SRMC's low debt burden allows for strong MADS coverage despite the light operating profitability. The system's low leverage and debt burden is highlighted by its 17.8% debt to capitalization at June 30, 2016 and MADS equal to 1.9% of fiscal 2015 operating revenue. Both metrics are well below Fitch's 'A' category medians of 36.2% and 2.8%, respectively. However, debt to EBITDA of 2.1x is low relative to Fitch's 'A' category median of 3.0x reflecting SRMC's modest operating profitability. MADS coverage by EBITDA and operating EBITDA equaled 5.3x and 4.4x, respectively, in fiscal 2015 and 5.0x and 3.9x in the interim period, easily exceeding Fitch's 'A' category medians of 4.2x and 3.5x, respectively.

Management expects to issue new bonds in 2017 to fund certain capital projects and to provide reimbursement for prior capital projects. However, plans are currently preliminary and the bond structure and par amounts are to be determined. Management has stated that a primary goal of any bond issuance is to maintain SRMC's credit profile at levels consistent with the current 'A' rating. Significant capital projects include the renovation of SRMC's former outpatient surgery space and relocation of inpatient surgical suites to the newly renovated space in addition to the implementation of a new IT system. Fitch will assess the credit impact, if any, of a new bond issuance as details become more certain.

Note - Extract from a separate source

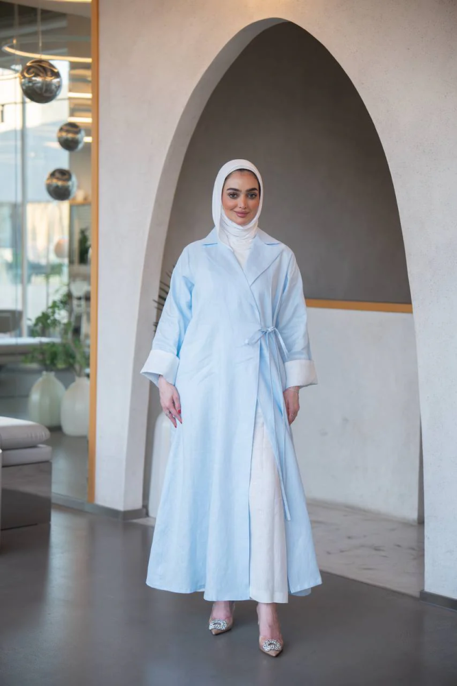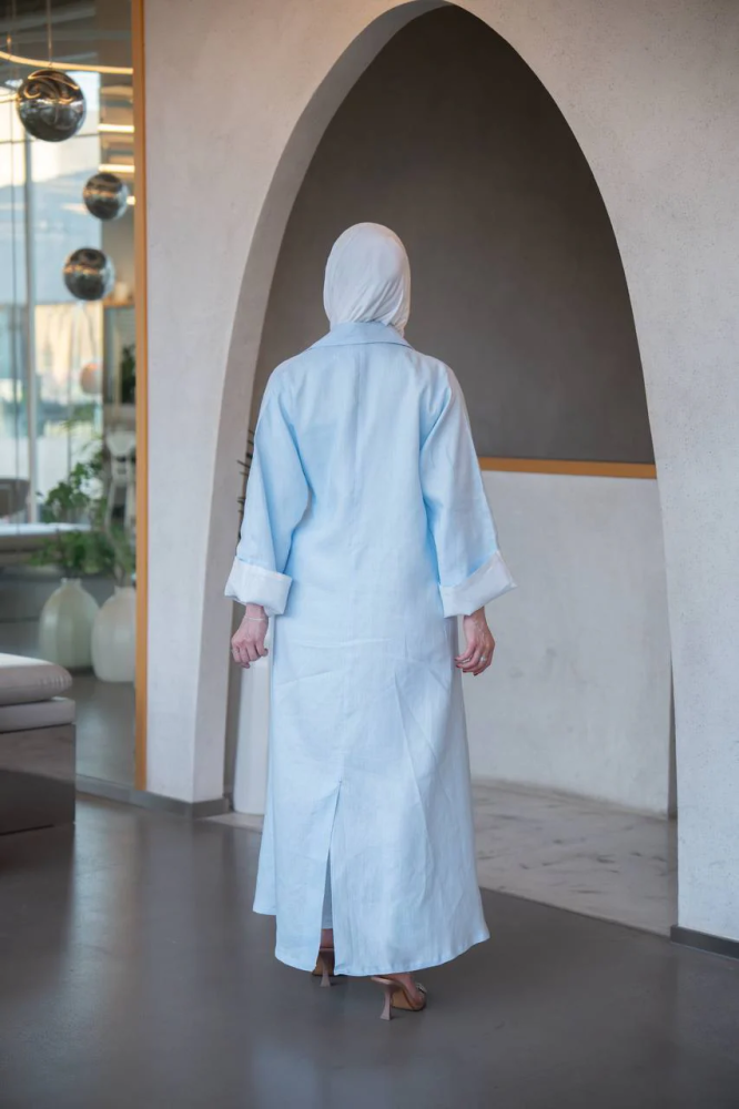 بليزر خفيف وعملي مصنوع من اللِّنن الهندي الطبيعي، يتميز بتهويته العالية وراحته المثالية أثناء التنقل. يأتي بلون ازرق سماوي أنيق ومبهج يضفي لمسة من الإشراقة على إطلالتك، ويُعد خيارًا رائعًا للسفر بفضل تصميمه البسيط وسهولة تنسيقه مع مختلف الإطلالات.

Operating profitability rebounded from compressed levels fiscal 2013, but remains light for the rating category. Operating EBITDA margin decreased to 6.4% in fiscal 2013 due to a combination of Medicare cuts, Medicaid cuts in North Carolina, and increased bad debt. Operating EBITDA margin increased to 8.1% in fiscal 2014 and 8.2% in fiscal 2015 but remains light relative to Fitch's 'A' category median of 10.3%. Operating EBITDA margin equaled 7.2% in the interim period and is in line with the prior year's interim period results. The compressed interim period operating profitability primarily reflects the timing of receipt of state supplemental funding. Operating profitability has been pressured by increased nursing agency costs, increased pharmaceutical expenses and start-up costs associated with a new joint venture ambulatory surgical center (ASC). However, the ASC is expected to achieve profitability during fiscal 2016 and management is proactively addressing the other challenges. The light operating profitability is currently mitigated by SRMC's manageable debt burden and solid liquidity metrics.


SRMC had approximately $57 million of total debt outstanding at June 30, 2016. In addition to the series 2012 bonds, total debt includes approximately $18 million of series 2005 bonds that are not rated by Fitch and various capital leases. The bond portfolio is comprised of 66% underlying fixed rate bonds and 34% underlying variable rate bonds. SRMC is not counterparty to any swap agreements.


SRMC covenants to provide annual disclosure within 120 days of the end of each fiscal year and quarterly disclosure within 45 days of the end of each fiscal quarter. Disclosure is provided through the Municipal Securities Rulemaking Board's EMMA system.